---------- Data provided

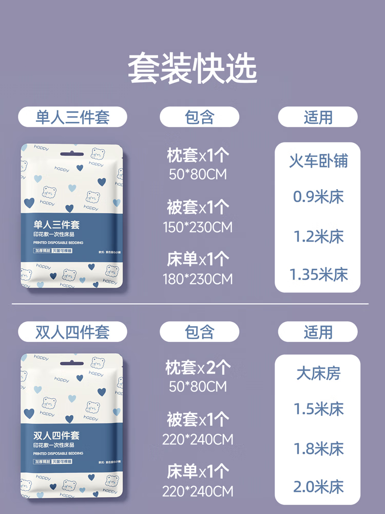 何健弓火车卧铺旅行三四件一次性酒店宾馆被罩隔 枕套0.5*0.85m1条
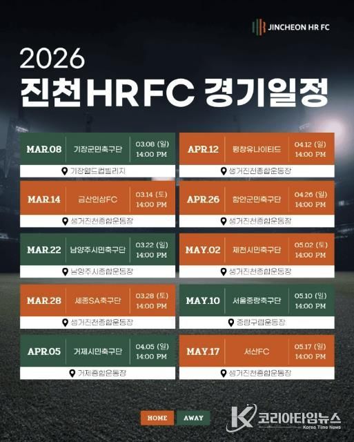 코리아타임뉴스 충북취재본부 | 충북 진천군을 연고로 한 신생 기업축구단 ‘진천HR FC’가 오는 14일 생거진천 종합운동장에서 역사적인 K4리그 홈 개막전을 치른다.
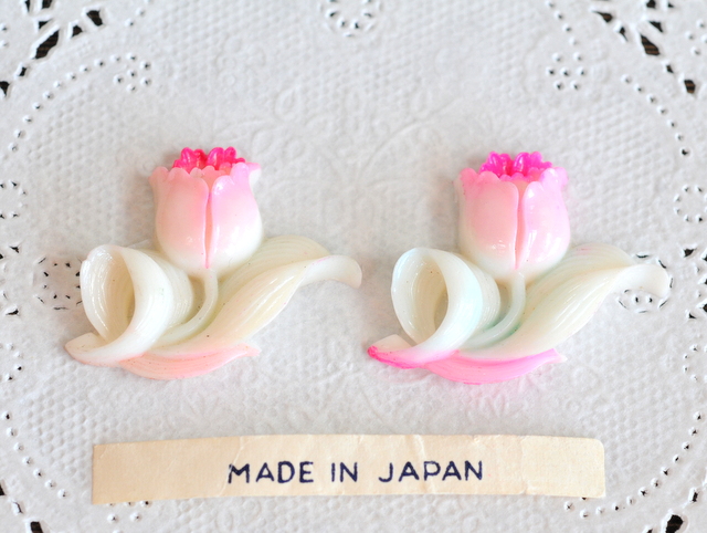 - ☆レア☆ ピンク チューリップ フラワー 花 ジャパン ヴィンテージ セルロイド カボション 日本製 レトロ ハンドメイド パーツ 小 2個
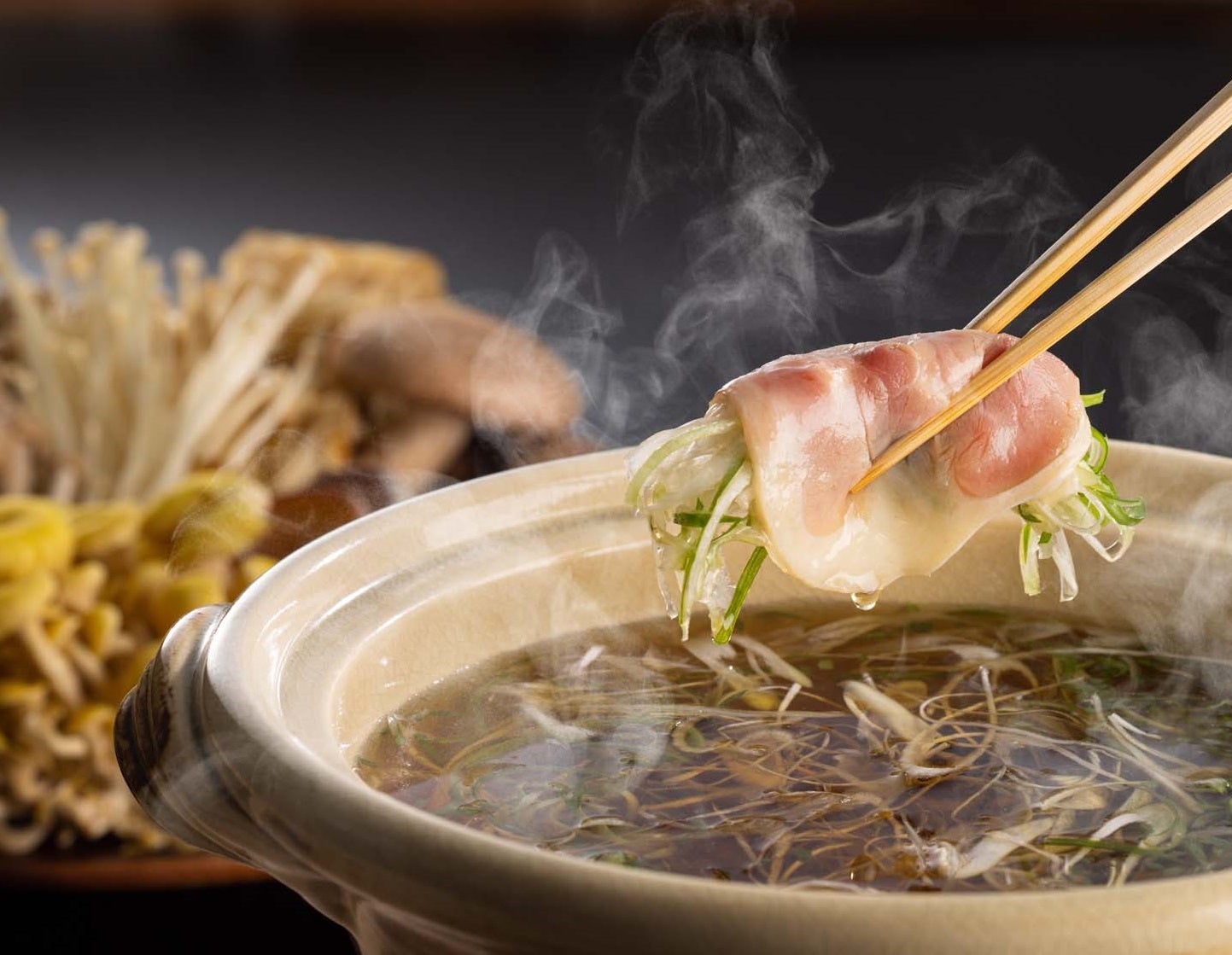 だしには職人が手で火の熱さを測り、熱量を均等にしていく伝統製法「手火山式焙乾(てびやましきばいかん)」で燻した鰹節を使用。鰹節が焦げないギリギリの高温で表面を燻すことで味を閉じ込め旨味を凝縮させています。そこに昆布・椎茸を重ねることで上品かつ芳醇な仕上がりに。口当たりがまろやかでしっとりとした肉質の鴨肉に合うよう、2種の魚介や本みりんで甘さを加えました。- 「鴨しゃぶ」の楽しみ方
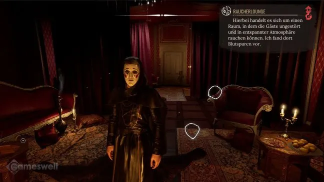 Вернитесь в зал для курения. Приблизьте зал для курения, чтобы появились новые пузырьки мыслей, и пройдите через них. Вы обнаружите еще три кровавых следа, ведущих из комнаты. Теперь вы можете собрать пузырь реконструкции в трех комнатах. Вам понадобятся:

--------------------

- **Requirement**: What should come back is an exact copy of the lines above from the line with "- ☆レア☆ ピンク チューリップ" to the line with "だしには職人が手で火の熱さを", both included, minus the pictures.

- **Exercise solution**:
 - ☆レア☆ ピンク チューリップ フラワー 花 ジャパン ヴィンテージ セルロイド カボション 日本製 レトロ ハンドメイド パーツ 小 2個
 だしには職人が手で火の熱さを測り、熱量を均等にしていく伝統製法「手火山式焙乾(てびやましきばいかん)」で燻した鰹節を使用。鰹節が焦げないギリギリの高温で表面を燻すことで味を閉じ込め旨味を凝縮させています。そこに昆布・椎茸を重ねることで上品かつ芳醇な仕上がりに。口当たりがまろやかでしっとりとした肉質の鴨肉に合うよう、2種の魚介や本みりんで甘さを加えました。- 「鴨しゃぶ」の楽しみ方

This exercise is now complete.